Speaking of security, there seems to be some inconsistency with the way security treats Ukrainians versus foreigners. We clearly saw security allow Ukrainians to pass through to airside carrying unfinished bottle of drinks. When a UK couple tried to do the same, they were told to ditch the drink. The security people also like to manhandle you, are very impatient, enjoy barking orders and generally being most unpleasant.
Our flight eventually left at 10:30pm, some four hours after it was supposed to. The flight itself was smooth, but spoilt by Ukrainian teenagers sitting in front playing up (and being shouted down by a fellow countryman at one point in which they soon shut up). These teenagers also were playing with their mobile phone during take-over, during the flight, and during landing. For some reason people don’t seem to understand what’s being said since on our flight into Kyiv, the woman passenger in front of us received a phone call during the actual landing. If the cabin crew were aware of this, they didn’t say anything.
When we arrived in Luton, it was too late to catch any connecting buses or trains back to Woking. Easybus, whom we used to get to Luton from London told us that we’d have to buy brand new tickets. There were no representatives from Wizz Air to help arrange ongoing travel (or even to use a phone to do so ourselves). We tried to check into the local Holiday Inn, but the Inn was full (SING: Little Donkey). As was the local Ibis. So we caught the Easybus back to London Victoria and tried to find a hotel there. No luck. The only one that may have been available would have been the Grovesnor, and at nearly £400 a night, that was right out. So from around 1am to 4:10am we spent a very very cold night sitting in the shopping precinct along Buckingham Palace Road. At 4:10 we hailed a taxi to take us to Waterloo Station and waiting there for the 5am train back to Woking.
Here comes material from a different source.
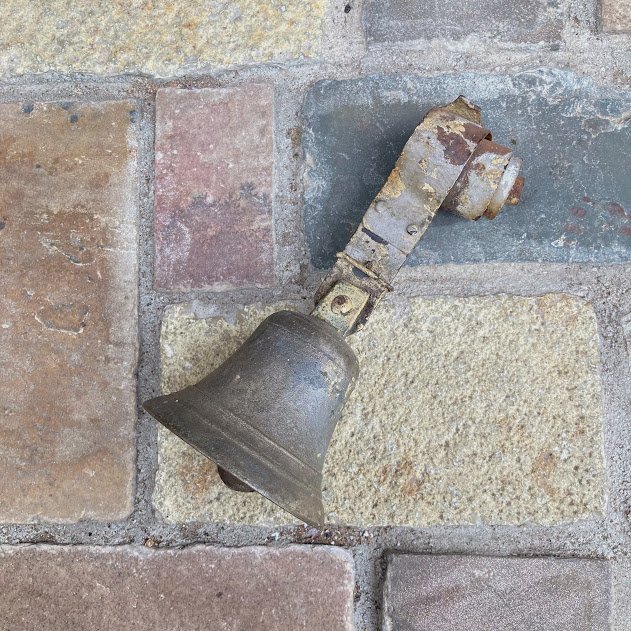 イギリスの貴族の館で使用人を呼び出すために部屋に設置されていた美しい音色のベル。推定1800年代とのこと。上部にくるくると巻き込んである部分にワイヤーのようなものを通して各部屋をつなぎ、音を鳴らして呼び出していたそうです。感じ方に個人差はありますが、鉄器の風鈴を力強くしたような音色です。音が気になる方には店舗から営業時間内に別途お送りすることもできますのでお気軽にお申し付けください。大きく響きますので、玄関やカウンターの呼び鈴などにもいいですね。サビに包まれていますが、独特の存在感に魅力を感じる方にはおすすめ。ピカピカの新品をお求めの方はご遠慮ください。福岡市南区の店舗にてお渡しもできますのでお気軽にどうぞ!

We’re furious with Wizz Air for their failure to provide support when it was needed. You could argue that it should be Luton Airport that provides the support, since it was them that had shut for the four hours and delaying flights in and out. However, our payment and contract is with Wizz Air who have a duty of care. They are responsible for liasing with Luton. And it is Wizz Air for choosing to use Luton as their base. Needless to say, we’ll be writing to them about this.